If you heard that a Chinese company, controlled by a hedge fund, based in an offshore tax haven, had teamed up with a German company funded by a Qatari wealth fund, the same people behind Al-Jeezera, the Islamic propaganda wing, in order to file a petition at the International Trade Commission (ITC), would you believe their motivation is to help the American factory worker?
That is exactly what SolarWorld and Suniva are doing as these two foreign-owned entities have joined together to petition the ITC to impose tariff protections for their products on the rest of the world.
The tariffs requested by these two failed companies and their global capital backers would double the price of solar panels. More than 1000 American companies in the Solar Energy Industries Association are opposed. The two foreign solar companies survived for years only because they received subsidies and protection from President Barack Obama and now they want tariffs in order to pay off German cronies of German Chancellor Angela Merkel and their Islamic financiers.
Consider who’s in favor of these tariffs:
Solar World is a German company run by Jurgen Stein and owned by Frank Asbeck, a crony and frequent travel companion of German Chancellor Angela Merkel. Their most prominent investor is the Qatar Foundation, an entity of the Qatari royal family which remains funded by the government of Qatar and would ultimately receive a payout should Solar World win this case before the ITC. The Qatari government also funds the Islamic propaganda broadcaster Al-Jazeera.
Suniva is the other company asking for tariffs. They are Chinese-owned but controlled by a hedge fund domiciled in offshore tax haven Guernsey. They paid a lobbyist married to Hillary Clinton’s former chief of staff to get them $48 million in federal taxpayer subsidies under Obama, all while using prison labor in their factory. Then, when they went bankrupt anyway, their New York operative, Jeremiah Silkowski, wrote a letter to the Chinese offering to liquidate the Suniva plant, lay off their workers, and drop the trade case in exchange for a $55 million payoff.
These two companies are the quintessential example of how global financial interests manipulate the DC swamp to fleece the taxpayer and sell out the American factory worker.
In this case, it is the American factories that are opposed to tariffs. Solar manufacturing jobs have grown 58 percent in the last five years and those are largely concentrated in factories in the Midwest and Deep South that make steel racking and other metal equipment using American steel. From Youngstown, Ohio to Huntington, West Virginia and down to Muscle Shoals, Alabama, there are over 50 factories producing steel equipment for the solar industry, and none of them received federal subsidies or protection. They’ve been succeeding all on their own.

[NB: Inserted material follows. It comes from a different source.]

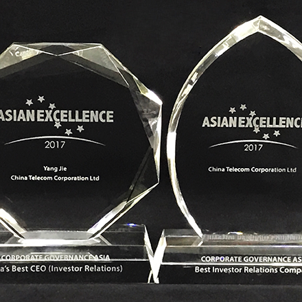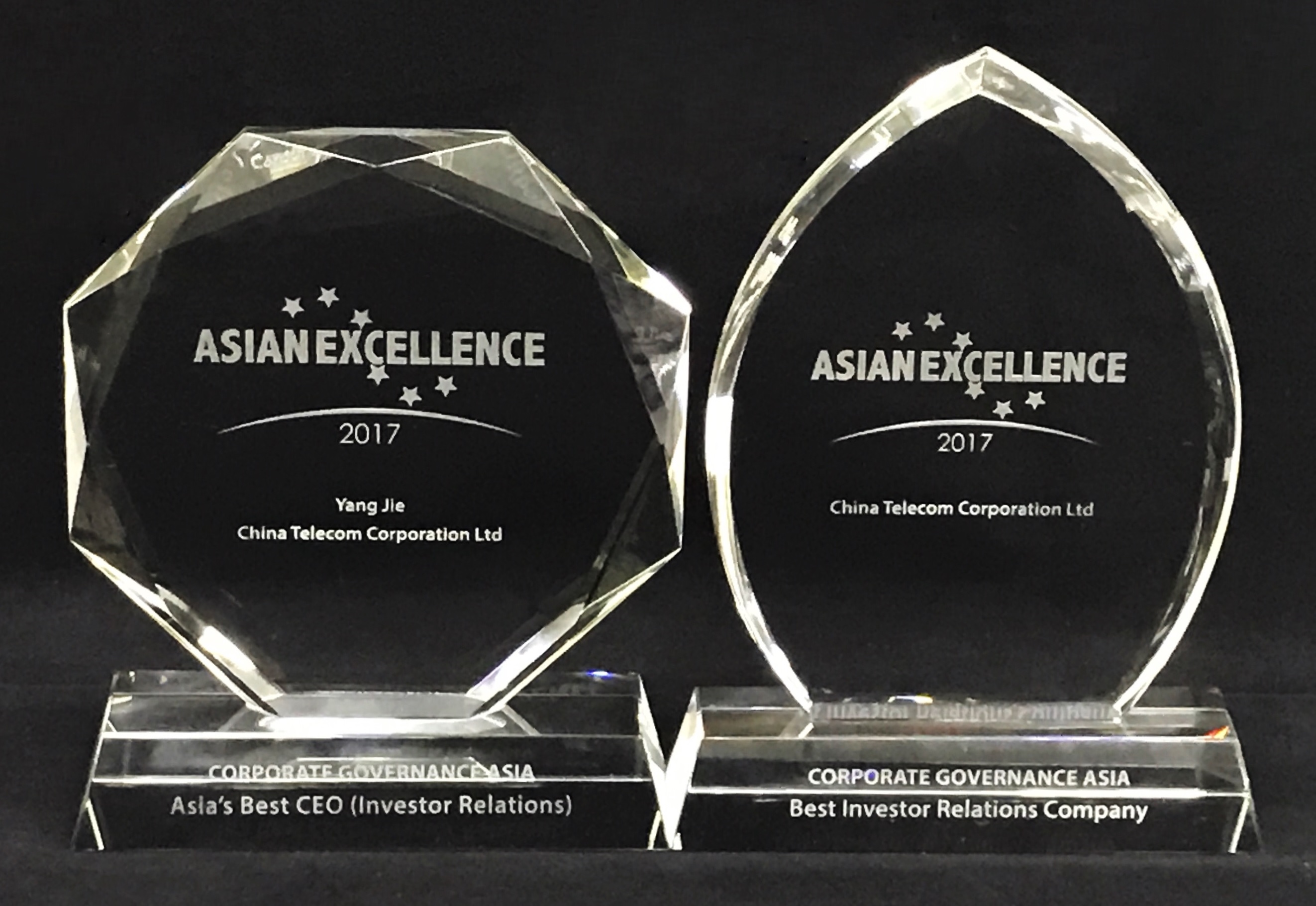 中国电信股份有限公司在亚洲著名企业管治专业杂志《Corporate Governance Asia》举办的「2017年度亚洲卓越企业表扬大奖」中荣获以下企业管治大奖:

But the globalists’ trade principles are clear: when tariffs hurt foreign companies, they’re bad; when tariffs give cash to the foreign friends of Obama, Hillary, and Merkel, all of a sudden they’re just fine. The globalists just don’t care if the American factory worker in the Midwest loses his job, so long as the foreigners don’t lose anything.
President Donald Trump made a strong commitment to defend American companies but, in this case, the global financial interests behind two failed foreign companies are trying to get a bailout on their bad investment by manipulating U.S. trade laws for their benefit and hurting many successful American companies in the process. President Trump shouldn’t be fooled by this three-card monte of foreign financial capital – the Germans, and Qataris, and offshore hedge funds are trying to pull one over on him. President Trump needs to back the factory workers of Ohio, Indiana, West Virginia, North Carolina and Alabama, and say no to tariff bailouts for foreign-owned solar speculators.